HOW TO COMPLETE THIS TASK:
Apart from the pictures, everything in the lines below must be printed exactly.

EXERCISE INPUT:
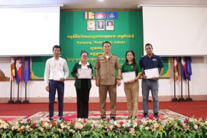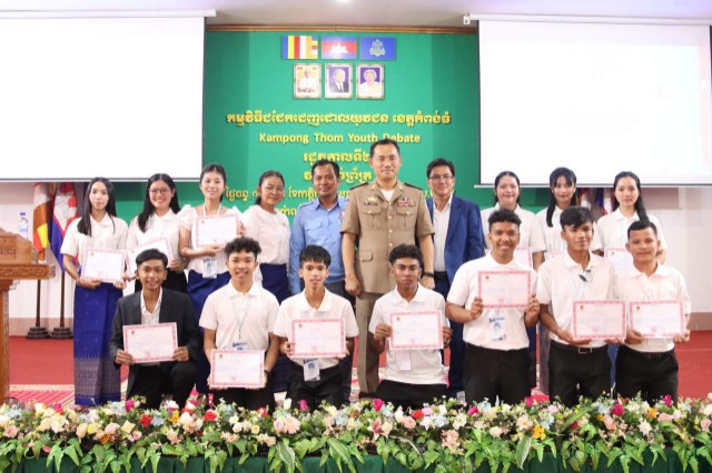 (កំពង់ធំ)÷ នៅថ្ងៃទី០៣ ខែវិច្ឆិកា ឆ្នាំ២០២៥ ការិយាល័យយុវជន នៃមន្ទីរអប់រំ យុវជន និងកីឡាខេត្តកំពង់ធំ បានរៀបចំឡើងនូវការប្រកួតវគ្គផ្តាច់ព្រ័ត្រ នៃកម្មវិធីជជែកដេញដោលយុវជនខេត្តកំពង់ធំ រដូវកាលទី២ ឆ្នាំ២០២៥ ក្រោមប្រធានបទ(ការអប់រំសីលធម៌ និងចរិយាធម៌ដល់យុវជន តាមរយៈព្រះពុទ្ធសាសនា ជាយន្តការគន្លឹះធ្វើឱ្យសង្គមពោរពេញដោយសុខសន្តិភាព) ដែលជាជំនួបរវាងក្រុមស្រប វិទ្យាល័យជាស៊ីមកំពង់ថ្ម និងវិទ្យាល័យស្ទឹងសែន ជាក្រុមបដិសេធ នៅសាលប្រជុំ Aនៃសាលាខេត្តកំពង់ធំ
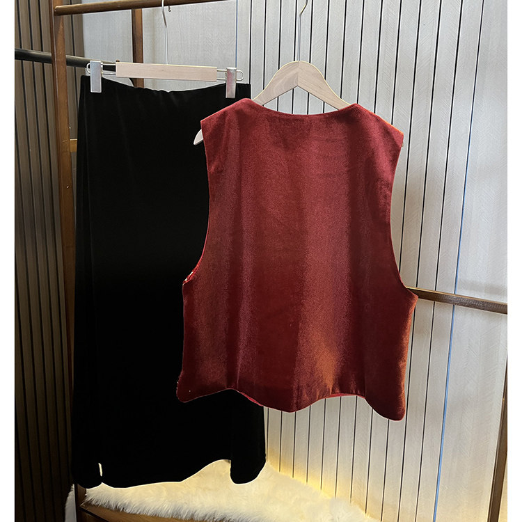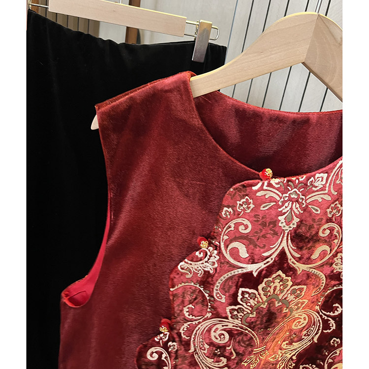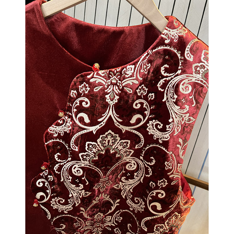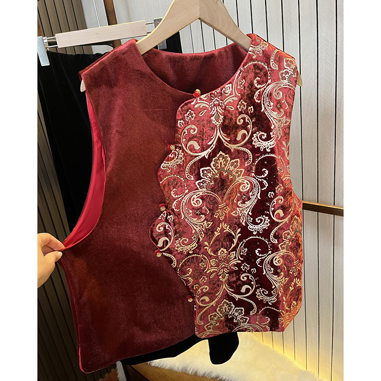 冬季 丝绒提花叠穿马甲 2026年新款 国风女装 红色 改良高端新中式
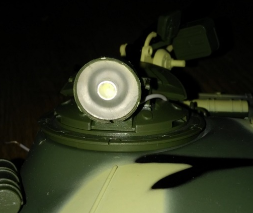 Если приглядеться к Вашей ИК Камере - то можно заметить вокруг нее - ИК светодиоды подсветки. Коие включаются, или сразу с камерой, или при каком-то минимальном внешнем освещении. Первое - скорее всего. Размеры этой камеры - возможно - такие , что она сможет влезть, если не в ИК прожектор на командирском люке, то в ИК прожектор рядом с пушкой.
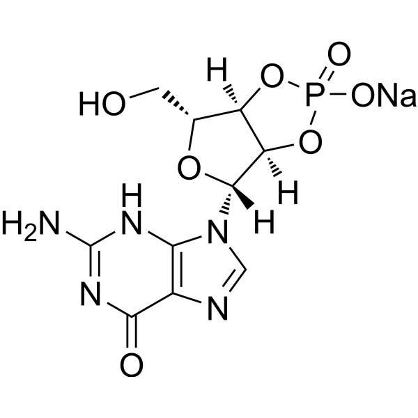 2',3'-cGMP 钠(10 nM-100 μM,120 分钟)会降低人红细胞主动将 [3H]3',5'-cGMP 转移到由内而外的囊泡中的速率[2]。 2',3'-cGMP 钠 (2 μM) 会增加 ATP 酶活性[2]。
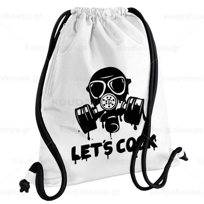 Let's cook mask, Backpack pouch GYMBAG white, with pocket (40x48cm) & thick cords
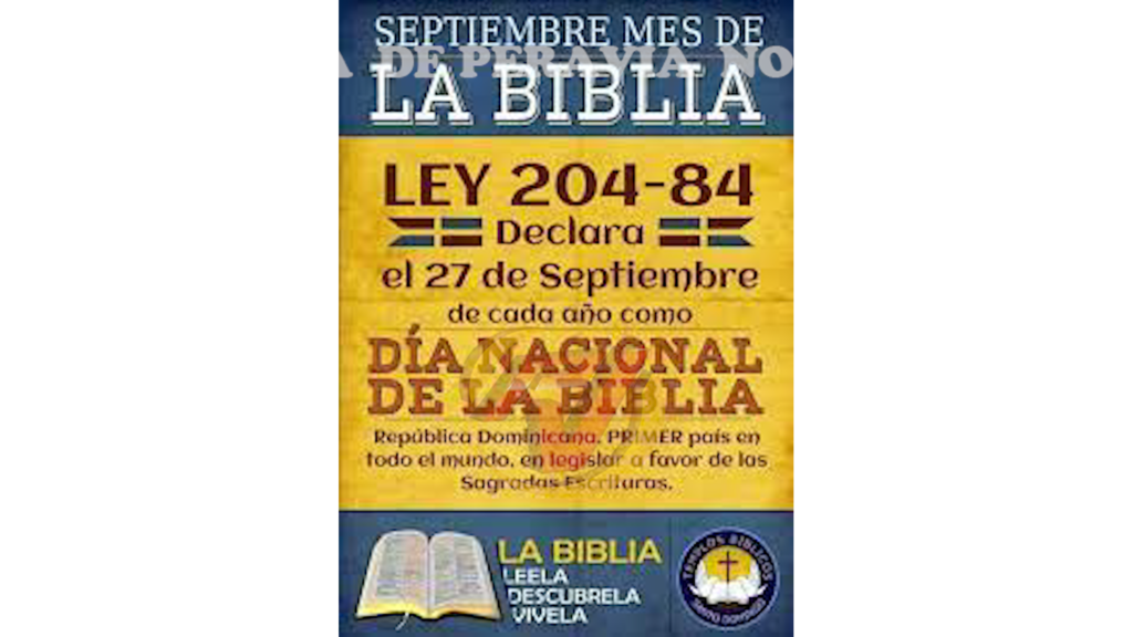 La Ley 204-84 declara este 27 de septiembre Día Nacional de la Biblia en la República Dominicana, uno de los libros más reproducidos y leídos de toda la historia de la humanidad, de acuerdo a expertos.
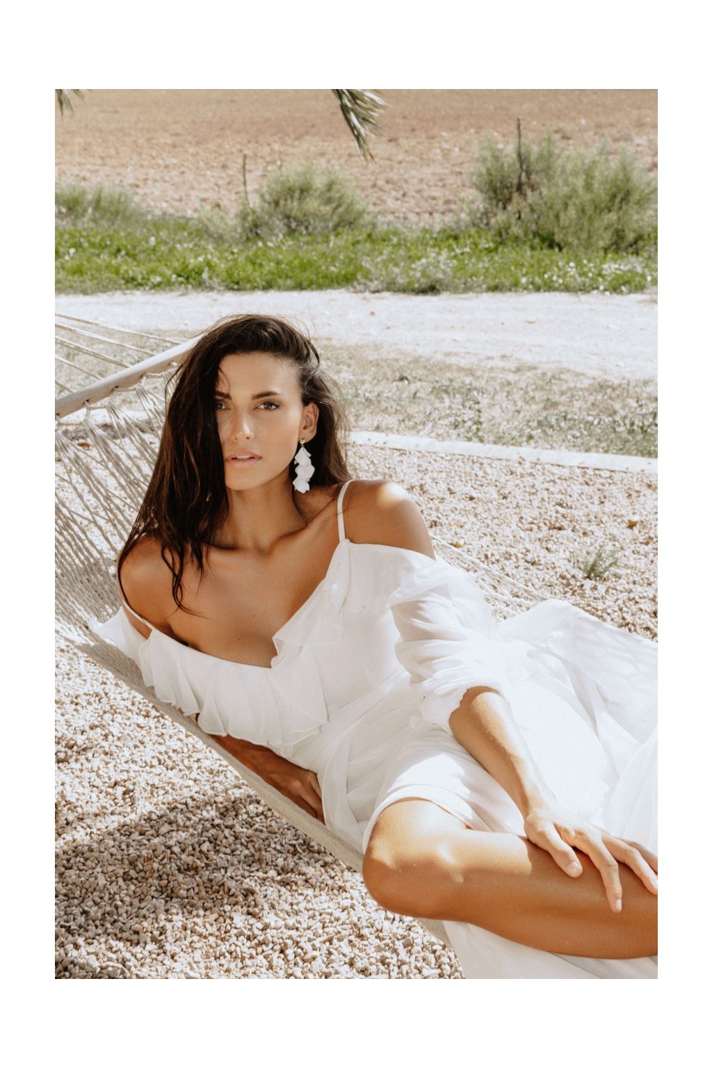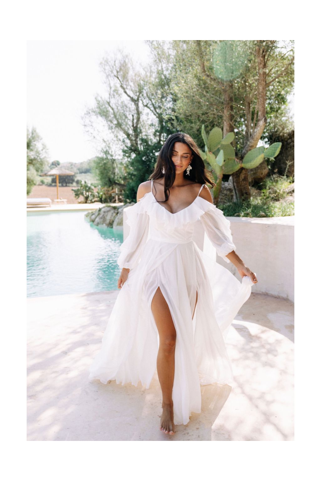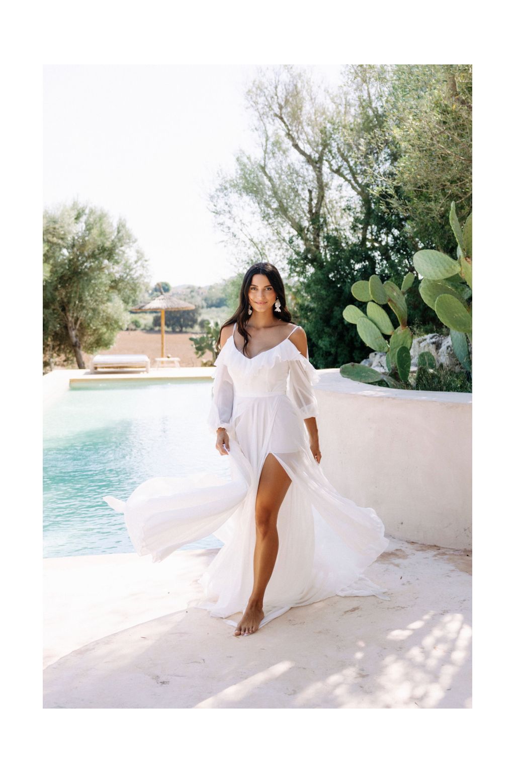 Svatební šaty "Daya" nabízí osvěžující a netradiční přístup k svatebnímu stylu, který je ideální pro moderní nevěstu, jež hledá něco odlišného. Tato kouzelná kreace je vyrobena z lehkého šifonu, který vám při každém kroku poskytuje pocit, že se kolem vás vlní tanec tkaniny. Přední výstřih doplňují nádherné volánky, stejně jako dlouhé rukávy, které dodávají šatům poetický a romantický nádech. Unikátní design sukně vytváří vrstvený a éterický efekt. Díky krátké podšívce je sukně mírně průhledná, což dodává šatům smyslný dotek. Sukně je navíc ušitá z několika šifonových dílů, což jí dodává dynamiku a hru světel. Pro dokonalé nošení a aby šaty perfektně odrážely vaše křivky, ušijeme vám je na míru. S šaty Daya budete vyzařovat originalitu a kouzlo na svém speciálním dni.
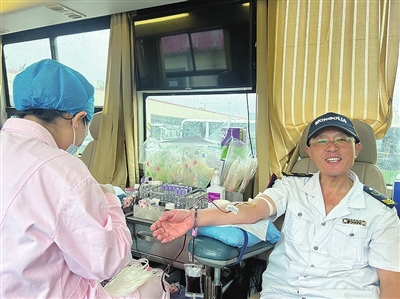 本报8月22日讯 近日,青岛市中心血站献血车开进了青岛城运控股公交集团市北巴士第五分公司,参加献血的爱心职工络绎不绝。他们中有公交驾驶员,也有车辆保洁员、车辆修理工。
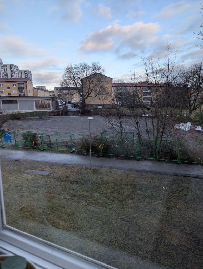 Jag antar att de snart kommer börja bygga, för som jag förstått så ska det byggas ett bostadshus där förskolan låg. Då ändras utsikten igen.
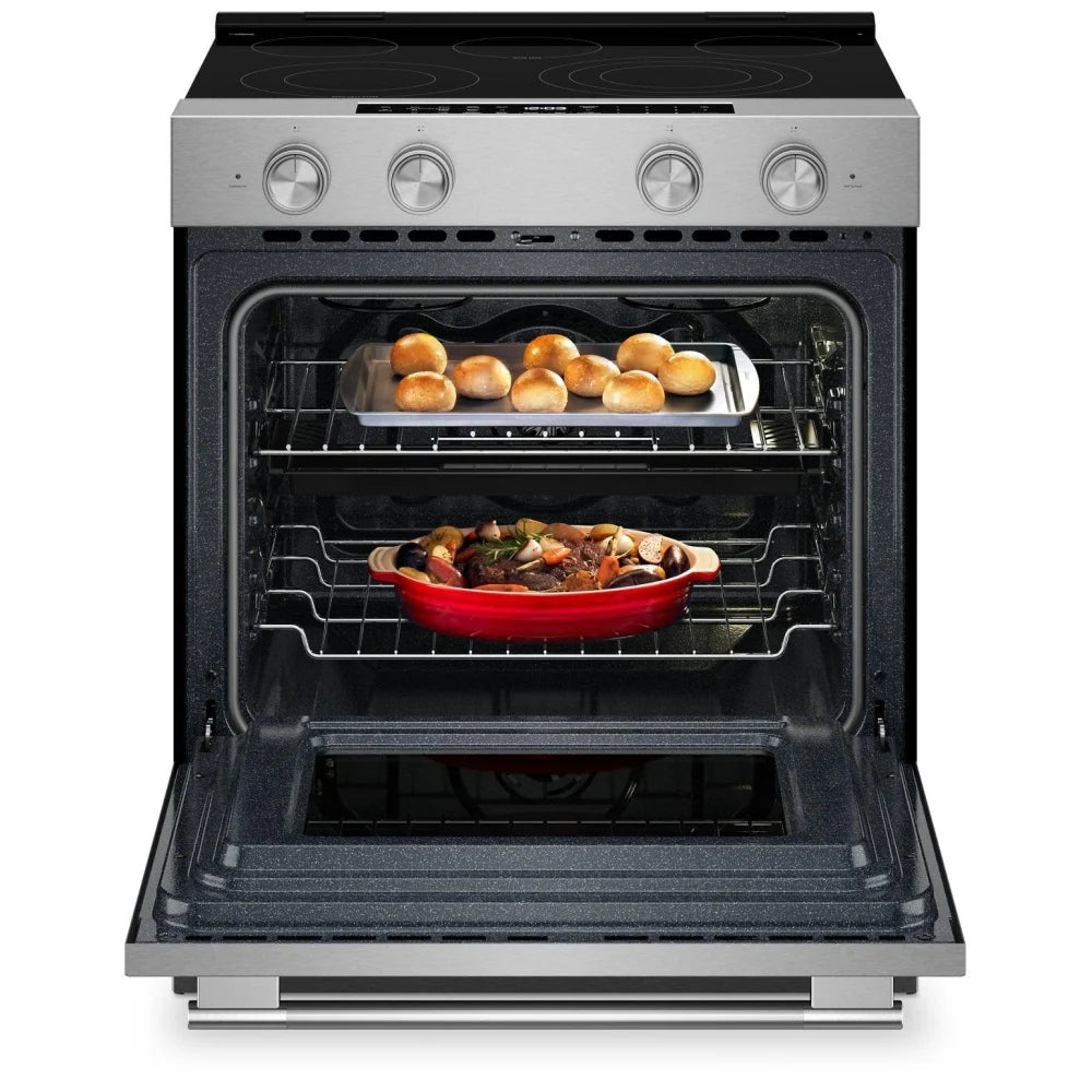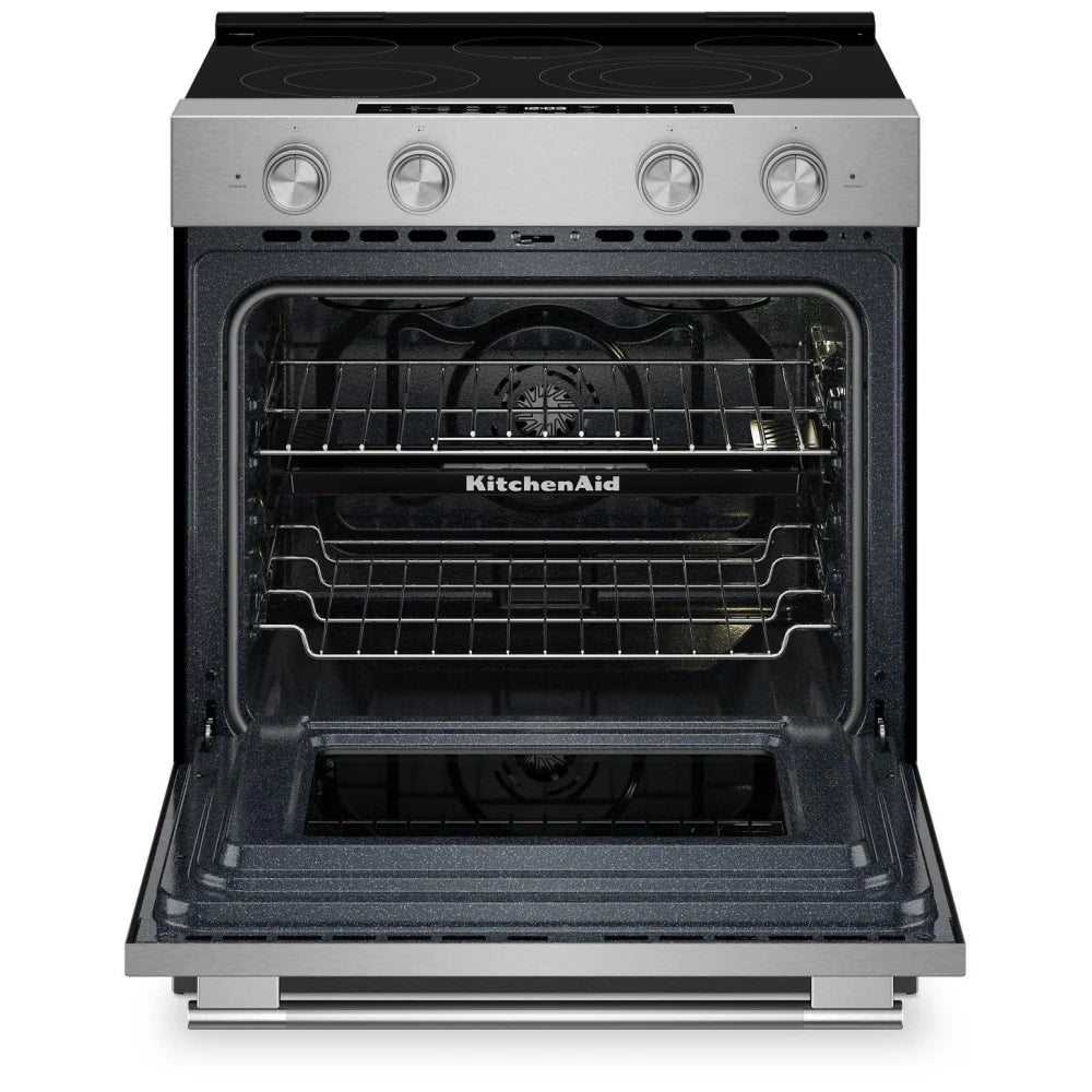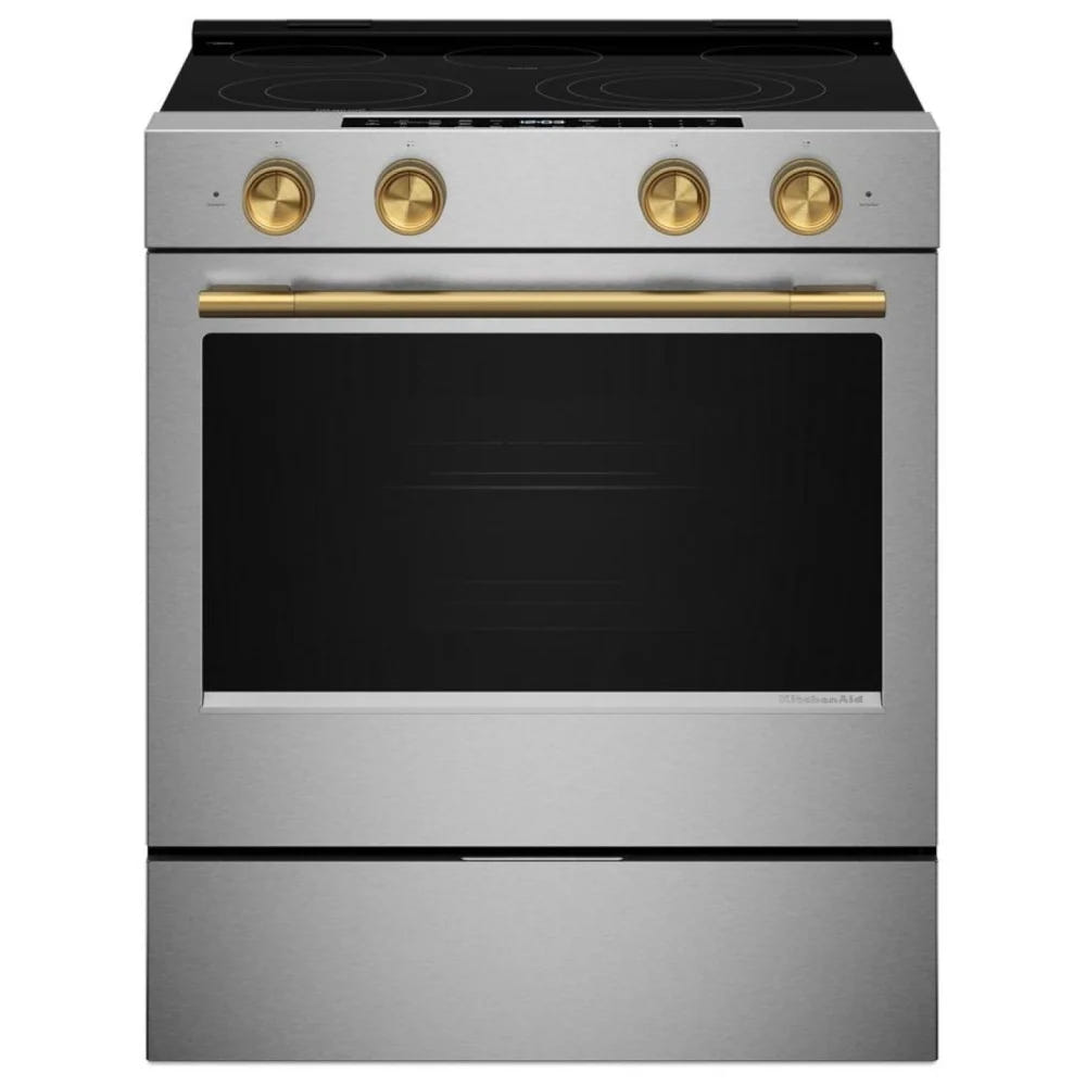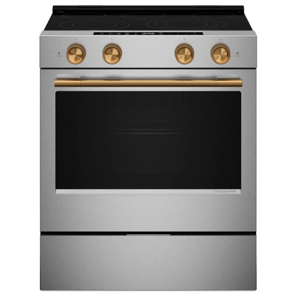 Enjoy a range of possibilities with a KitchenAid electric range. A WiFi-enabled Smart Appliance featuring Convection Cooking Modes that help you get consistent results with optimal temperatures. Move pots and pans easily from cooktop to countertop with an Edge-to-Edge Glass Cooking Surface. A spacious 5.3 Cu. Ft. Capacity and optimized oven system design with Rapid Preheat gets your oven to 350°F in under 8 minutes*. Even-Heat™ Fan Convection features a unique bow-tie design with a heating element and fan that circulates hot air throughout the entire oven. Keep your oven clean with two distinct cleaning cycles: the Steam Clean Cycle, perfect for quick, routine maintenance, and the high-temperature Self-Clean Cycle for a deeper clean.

SOLUTION TO THIS PROBLEM:
 (កំពង់ធំ)÷ នៅថ្ងៃទី០៣ ខែវិច្ឆិកា ឆ្នាំ២០២៥ ការិយាល័យយុវជន នៃមន្ទីរអប់រំ យុវជន និងកីឡាខេត្តកំពង់ធំ បានរៀបចំឡើងនូវការប្រកួតវគ្គផ្តាច់ព្រ័ត្រ នៃកម្មវិធីជជែកដេញដោលយុវជនខេត្តកំពង់ធំ រដូវកាលទី២ ឆ្នាំ២០២៥ ក្រោមប្រធានបទ(ការអប់រំសីលធម៌ និងចរិយាធម៌ដល់យុវជន តាមរយៈព្រះពុទ្ធសាសនា ជាយន្តការគន្លឹះធ្វើឱ្យសង្គមពោរពេញដោយសុខសន្តិភាព) ដែលជាជំនួបរវាងក្រុមស្រប វិទ្យាល័យជាស៊ីមកំពង់ថ្ម និងវិទ្យាល័យស្ទឹងសែន ជាក្រុមបដិសេធ នៅសាលប្រជុំ Aនៃសាលាខេត្តកំពង់ធំ
 冬季 丝绒提花叠穿马甲 2026年新款 国风女装 红色 改良高端新中式
 Если приглядеться к Вашей ИК Камере - то можно заметить вокруг нее - ИК светодиоды подсветки. Коие включаются, или сразу с камерой, или при каком-то минимальном внешнем освещении. Первое - скорее всего. Размеры этой камеры - возможно - такие , что она сможет влезть, если не в ИК прожектор на командирском люке, то в ИК прожектор рядом с пушкой.
 2',3'-cGMP 钠(10 nM-100 μM,120 分钟)会降低人红细胞主动将 [3H]3',5'-cGMP 转移到由内而外的囊泡中的速率[2]。 2',3'-cGMP 钠 (2 μM) 会增加 ATP 酶活性[2]。
 Let's cook mask, Backpack pouch GYMBAG white, with pocket (40x48cm) & thick cords
 La Ley 204-84 declara este 27 de septiembre Día Nacional de la Biblia en la República Dominicana, uno de los libros más reproducidos y leídos de toda la historia de la humanidad, de acuerdo a expertos.
 Svatební šaty "Daya" nabízí osvěžující a netradiční přístup k svatebnímu stylu, který je ideální pro moderní nevěstu, jež hledá něco odlišného. Tato kouzelná kreace je vyrobena z lehkého šifonu, který vám při každém kroku poskytuje pocit, že se kolem vás vlní tanec tkaniny. Přední výstřih doplňují nádherné volánky, stejně jako dlouhé rukávy, které dodávají šatům poetický a romantický nádech. Unikátní design sukně vytváří vrstvený a éterický efekt. Díky krátké podšívce je sukně mírně průhledná, což dodává šatům smyslný dotek. Sukně je navíc ušitá z několika šifonových dílů, což jí dodává dynamiku a hru světel. Pro dokonalé nošení a aby šaty perfektně odrážely vaše křivky, ušijeme vám je na míru. S šaty Daya budete vyzařovat originalitu a kouzlo na svém speciálním dni.
 本报8月22日讯 近日,青岛市中心血站献血车开进了青岛城运控股公交集团市北巴士第五分公司,参加献血的爱心职工络绎不绝。他们中有公交驾驶员,也有车辆保洁员、车辆修理工。
 Jag antar att de snart kommer börja bygga, för som jag förstått så ska det byggas ett bostadshus där förskolan låg. Då ändras utsikten igen.
 Enjoy a range of possibilities with a KitchenAid electric range. A WiFi-enabled Smart Appliance featuring Convection Cooking Modes that help you get consistent results with optimal temperatures. Move pots and pans easily from cooktop to countertop with an Edge-to-Edge Glass Cooking Surface. A spacious 5.3 Cu. Ft. Capacity and optimized oven system design with Rapid Preheat gets your oven to 350°F in under 8 minutes*. Even-Heat™ Fan Convection features a unique bow-tie design with a heating element and fan that circulates hot air throughout the entire oven. Keep your oven clean with two distinct cleaning cycles: the Steam Clean Cycle, perfect for quick, routine maintenance, and the high-temperature Self-Clean Cycle for a deeper clean.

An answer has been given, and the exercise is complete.